Lily laughed before becoming serious. "Why do you insist on keeping your distance, Marlene? He'd go with you if you asked!" We both knew the "he" she spoke of: The One and Only Sirius Black.

"Why do I have to ask him, yeah? Why doesn't he ask me if he wants to go with me so bad?" I asked her growing louder.

"Because he knows you'd say 'no' if he asked," Lily answered.

"Exactly. I'm not worth the risk of rejection. At least Potter put himself out there!" I replied stubbornly and defiantly. Lily rolled her eyes at my answer.

"So you're going…"

"By myself, of course!" I hollered.

Now, this little anecdote may seem completely pointless in my story. It is not. This leads up to Part Three of my tale: the Halloween Ball of my seventh year.

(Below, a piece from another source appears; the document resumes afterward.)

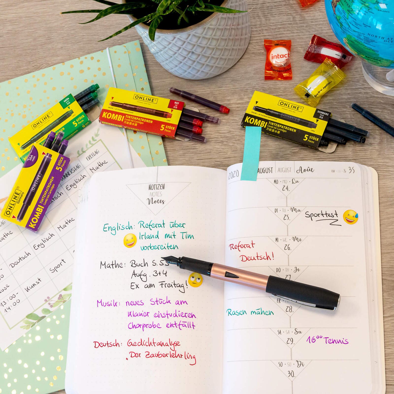 Die hohe Farbintensität und die gleichmäßige Tintenabgabe garantieren, dass deine Schriftzüge klar und lebendig erscheinen. Die ONLINE® Tintenpatronen sind nicht nur praktisch, sondern auch eine stilvolle Ergänzung für jeden Schreibtisch. Die einfache Handhabung und das schnelle Austauschen der Patronen machen sie zu einer idealen Wahl für Schüler, Studenten und Berufstätige.

It may seem strange that I would even bother going to a Ball without a date, but that is certainly coming from a person who has never been to a Ball all by her lonesome before. It is actually quite fun. Dates can get very boring. I still dressed spectacularly (that year I had my long chestnut hair in a French Twist and wore a strapless, scarlet red dress that was absolutely beautiful) and I must say The One and Only Sirius Black was watching quite starry-eyed as I came down the girl's dormitory stairs, not that I was paying attention or anything.

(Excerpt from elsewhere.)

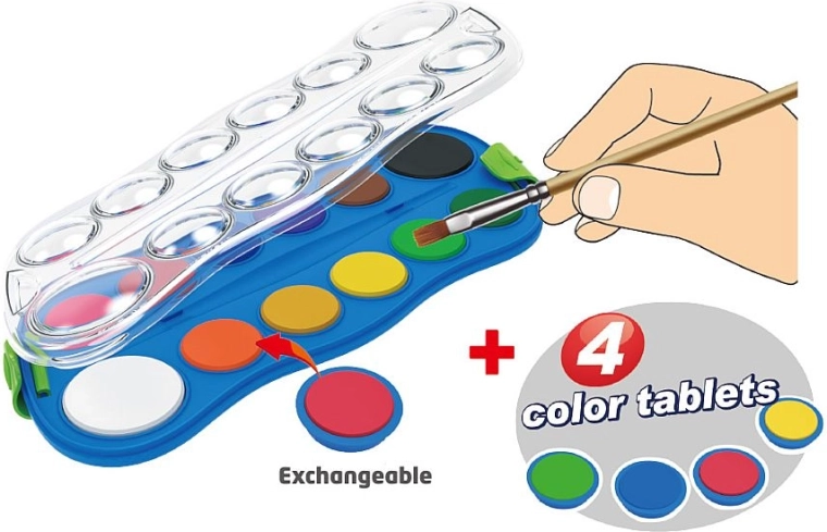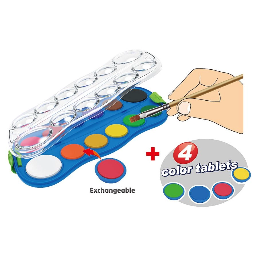 L’emballage comprend 12 couleurs de base complétées par 4 couleurs interchangeables, élargissant votre palette de possibilités. Les couleurs s’appliquent facilement, se mélangent bien et conviennent au papier ainsi qu’aux techniques artistiques à l’eau.

Sirius of course had a date, a sixth year girl in our house who was a prominent member of the Sirius Black Fan Club. I was slightly bitter about it, but as Lily reminded me, I could have asked him. At this, I simply waved her away calling her "ridiculous" and "blinded-by-love." Why, after all, would I want to go to a Ball with Sirius Black? He was the most unnecessary of unnecessary commodities.

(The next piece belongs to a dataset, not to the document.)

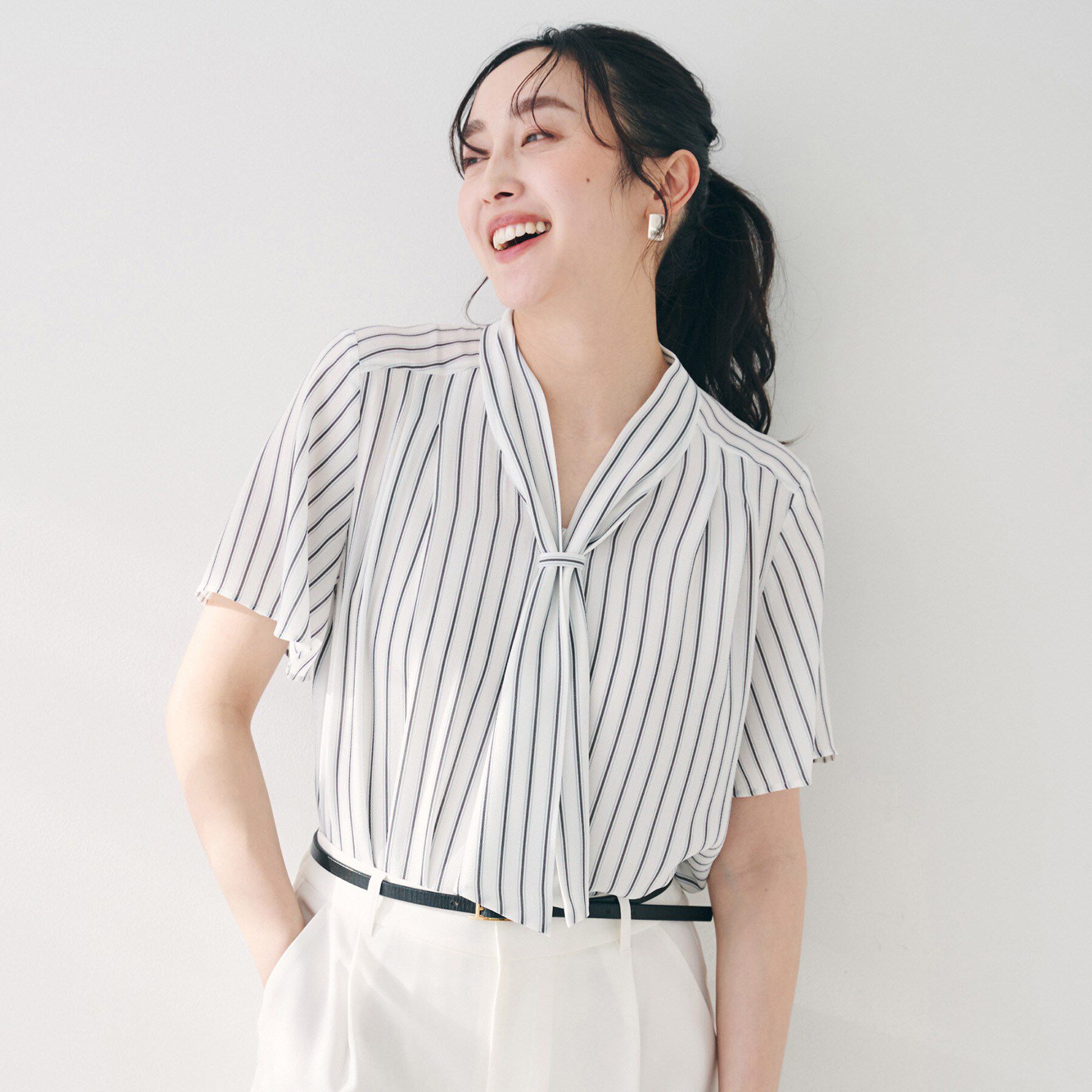 【デザイン】胸元のループにボウタイを通すとボウの形状が決まる便利なブラウスです。袖口は1枚着にも活用しやすい少しフレアのあるデザイン。ストライプ3色と.. |

By some twist of faith, however, which I now have reason to believe Lily and James had a hand in, it seemed Sirius's date became deathly ill about five minutes into the Ball. She insisted Sirius stay and have fun before running off to the bathroom. Naturally, that left me, the only single party present, as Sirius's unofficial date as the couples all got up to dance with each other.

I could have gotten up and danced by myself, as I usually would, but for some reason I stayed seated at that table with Sirius. Something told me not to get up and dance, not yet at least.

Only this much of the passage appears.